Word of the Day: Gloaming
Today’s Word of the Day, courtesy of Webster’s, is gloaming. Gloaming is a noun that means twilight or dusk. Webster’s describes it as a literary term referring to the darker part of twilight. We can understand why is considered a literary term by looking at the etymology on etymonline.com:
Old English glomung “twilight, the fall of evening,” found but once (glossing Latin crepusculum), and formed (probably on model of æfning “evening”) from glom “twilight,” which is related to glowan “to glow” (hence “glow of sunrise or sunset”), from Proto-Germanic *glo- (see glow (v.)). Fell from currency except in Yorkshire dialect, but preserved in Scotland and reintroduced by Burns and other Scottish writers after 1785.
In addition, etymonline points out the Keats, in the early 18th century, coined a new noun, gloam, in his poem “La Belle sans Merci,” a back-formation of gloaming that revives the Old English word glom:
I saw their starved lips in the gloam,
With horrid warning gapèd wide,
And I awoke and found me here,
On the cold hill’s side.
Many of us were told in school that the colonists who came to the New World from Europe were seeking religious freedom. This was not initially true. The Puritans who settled in New England clearly wanted religious freedom for themselves, freedom from the Church of England, but they were not interested in providing such freedom to others. Roger Williams was one person who experienced the religious persecution of the Puritans; he was exiled from the colony. But he moved a bit south and bought some land from a group of Native Americans, and founded the colony of Providence, which eventually became Rhode Island.
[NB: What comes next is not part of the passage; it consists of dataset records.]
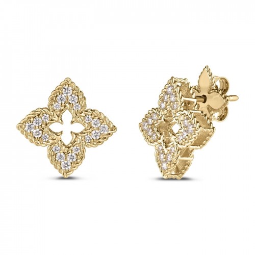 18K yellow gold Imperial Move small diamond earrings featuring 156 round brilliant cut diamonds weighing .70 ctw. Designed by Messika.
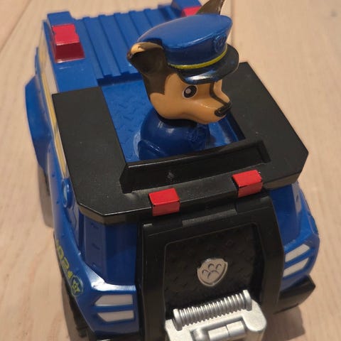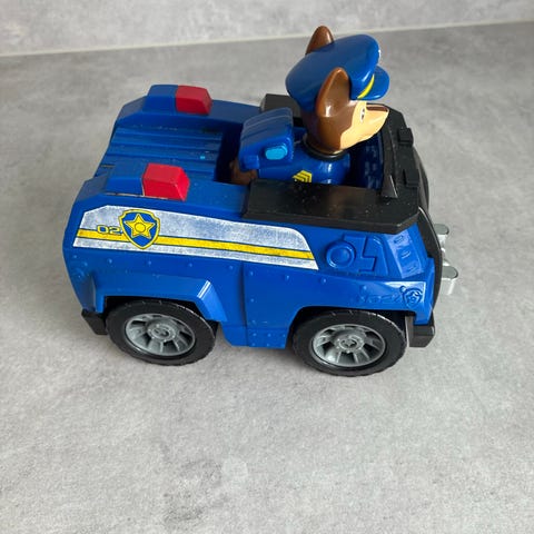 Paw Patrol lekebil politibil med figur i blå farge. Plastbil med plass til medfølgende figur i førersetet. Egnet som rollelek-leketøy for barn som liker Paw Patrol-universet og kjøretøy. Kan brukes sammen med andre Paw Patrol-leker og kjøretøy i samme serie.
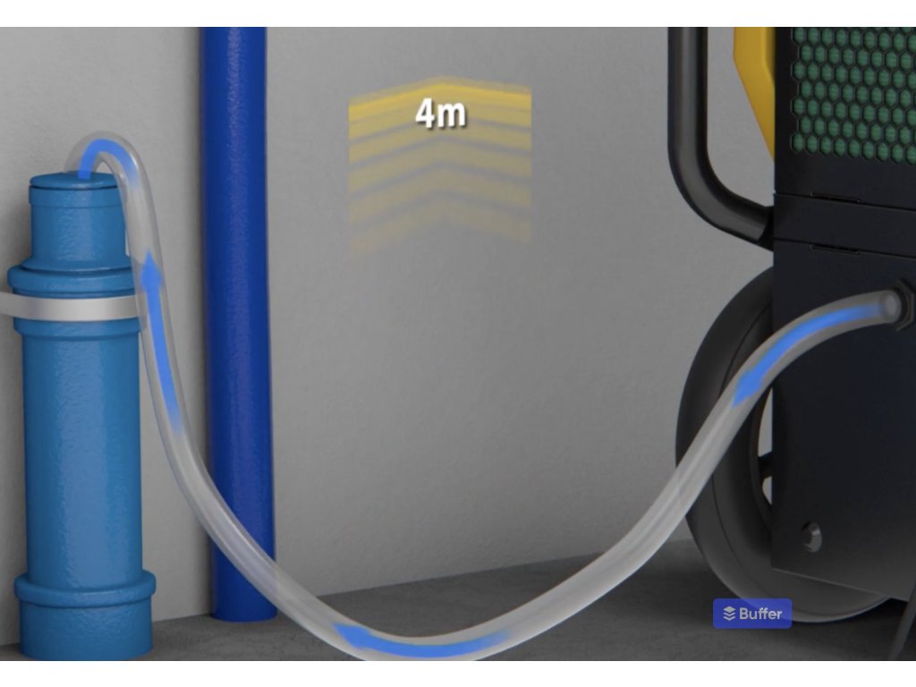 - Odvlhčovač je vybavený zabudovaným čerpadlom kondenzátu, ktoré umožňuje automatické vypustenie kondenzátu až do výšky 3 m (maximálny výtlak). Okrem toho je zariadenie dodávané s prachovým filtrom, vypúšťacou hadicou o dĺžke 4 m a prípravou pre inštaláciu nádržky na kondenzát o objeme 5 l (možno dokúpiť).
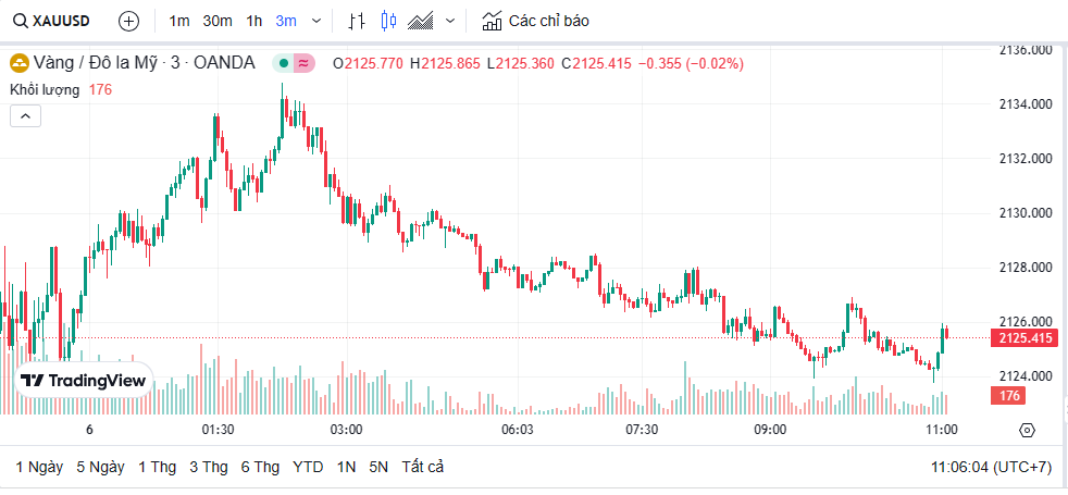 | Biểu đồ giá vàng thế giới trưa nay |

According to the George Washington Institute for Religious Freedom, “Williams proclaimed that everyone had the freedom to worship as they chose. Government would have no control over religion, and religious ministers would have no power to make or enforce laws (we now call this separation of church and state). England’s King Charles II, a Catholic sympathizer in a mostly-Protestant England, approved the colony’s promise of religious freedom by granting it a Royal Charter in 1663. Rhode Island’s Charter, which served as state constitution until 1842, includes this forward looking provision:
No person within the said Colony, at any time hereafter, shall be any wise molested, punished, disquieted, or called in question, for any differences in opinion, in matters of religion, who does not actually disturb the peace of our said Colony; but that all and every person and persons may, from time to time, and at all times hereafter, freely and fully have and enjoy his own and their judgments and consciences, in matters of religious concernments, throughout the tract of land heretofore mentioned, they behaving themselves peaceably and quietly and not using this liberty to licentiousness and profaneness, nor to the civil injury or outward disturbance of others. (https://www.gwirf.org/roger-williams-rhode-island-birthplace-of-religious-freedom/)
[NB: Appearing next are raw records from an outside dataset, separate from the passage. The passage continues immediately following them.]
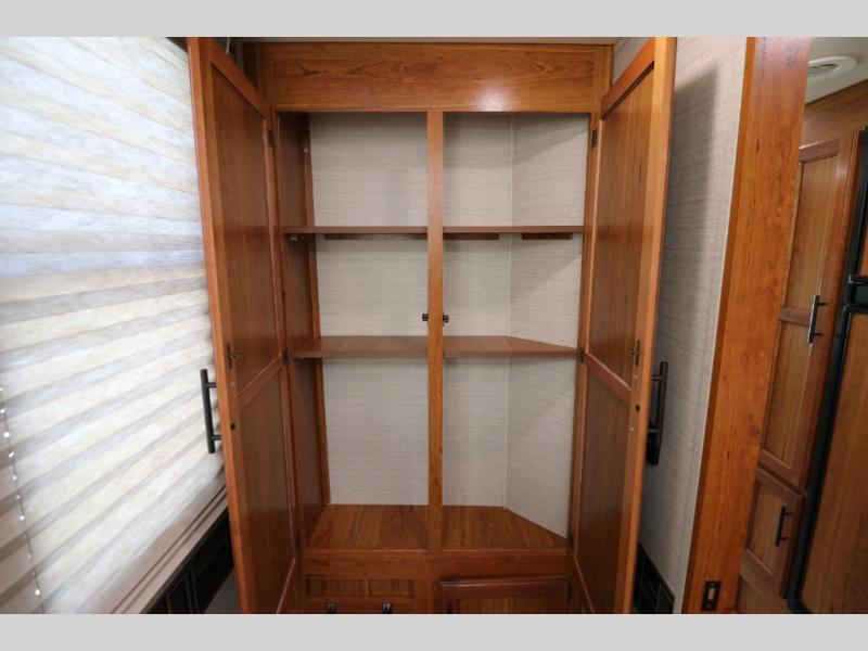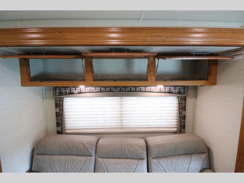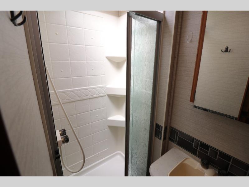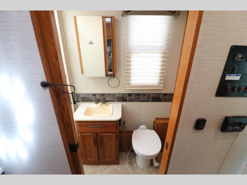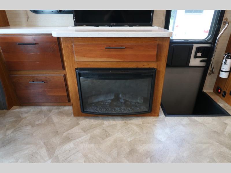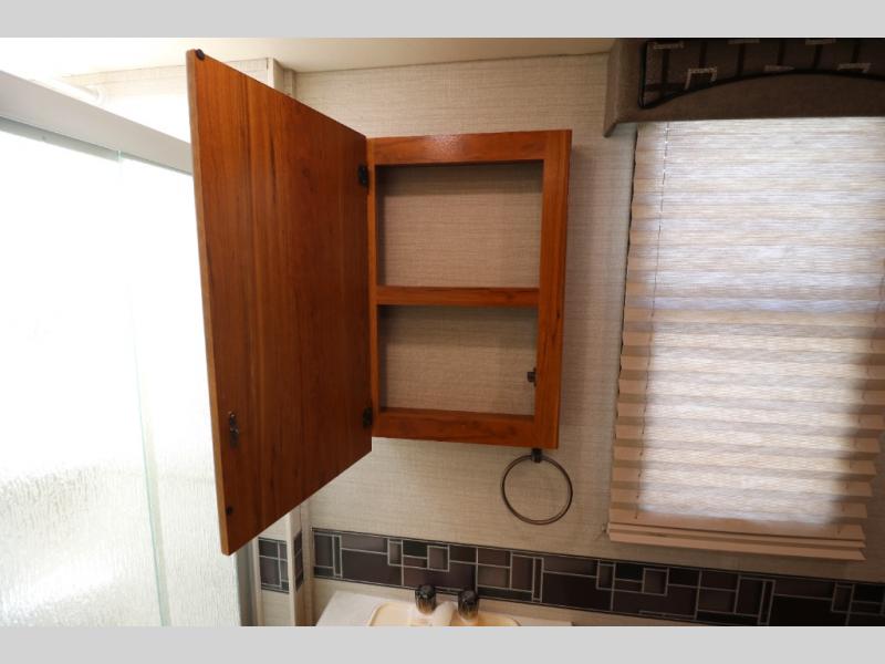Straight in from the entry door there is a slide out with a sofa and an overhead cabinet. To the right of the entry door there is a 32" TV lift, a dresser, and an overhead cabinet. Your kids can share the cab-over bunk, or maybe you have a grandchild or two that you want to take camping.
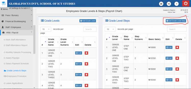 Grade levels can be used to set the levels of the staff in the school. The levels can be broken down into steps which can be used in promotions and salary structure.
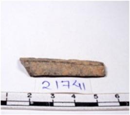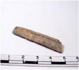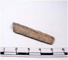 | Description / विवरण | A fragment of a rectangular shaped chert blade showing dorsal sides with sharp cutting edges having smooth surface and triangular section. |
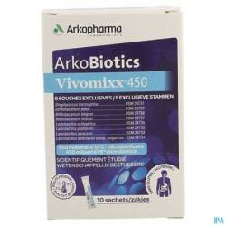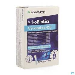 ArkoBiotics® Vivomixx® 450 associe 8 souches microbiotiques fortement concentrées, avec 450 milliards d'UFC* minimum par sachet, qui agissent en synergie.
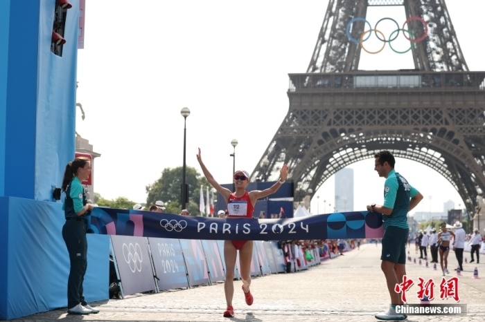 当地时间8月1日,在巴黎奥运会田径女子20公里竞走决赛中,中国队选手杨家玉以1小时25分54秒的成绩夺冠。图为杨家玉冲过终点。中新社记者 富田 摄
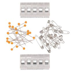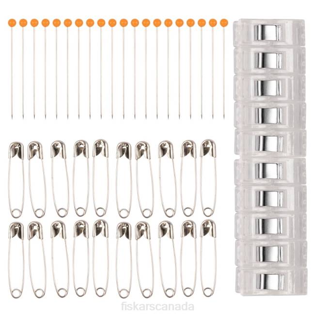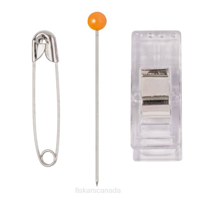 Fiskars Fastening Kit includes fastening essentials for every sewist. Kit includes 20 straight pins with easy-to-spot orange heads, 20 large safety pins with rust-resistant nickel plating and 10 versatile sewing clips that hold layers of fabric flat for easy feeding to the presser foot of your sewing machine.
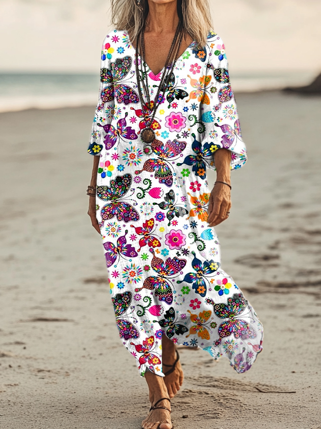 Women's Vintage Butterfly Art Print Pocket Cotton Dress

One result of this dedication to religious freedom for all was the arrival in the latter 17th century, of Jews. At first there were not many, and they were mostly from Spain and Portugal, but eventually a Jewish community in Newport. Initially they were not granted full citizenship—they couldn’t vote or hold office—but they were at least free from persecution (https://tourosynagogue.org/history/).
By 1758, the Congregation Jeshuat Israel was big enough to warrant the construction of a synagogue. This new synagogue was called the Touro Synagogue, and it was dedicated on this date in 1763. It was the first synagogue in what came to be the United States, and it stands to this day. The synagogue and congregation had its ups and downs through the 19th and early 20th century. But in 1946 it was declared a National Historic Site, an appropriate time since the Jewish community around the world had survived the dark night of the Holocaust.
Today there is, in the USA, a resurgence of anti-Semitism, on the fringes of both the political Left and Right. It is not the dark night of the Holocaust, yet things seem to be working their way to a gloaming for Jews in the USA. But we should all share the wisdom of our first president, who wrote to the Jews of Newport, RI,
May the children of the stock of Abraham who dwell in this land continue to merit and enjoy the good will of the other inhabitants—while everyone shall sit in safety under his own vine and fig tree and there shall be none to make him afraid.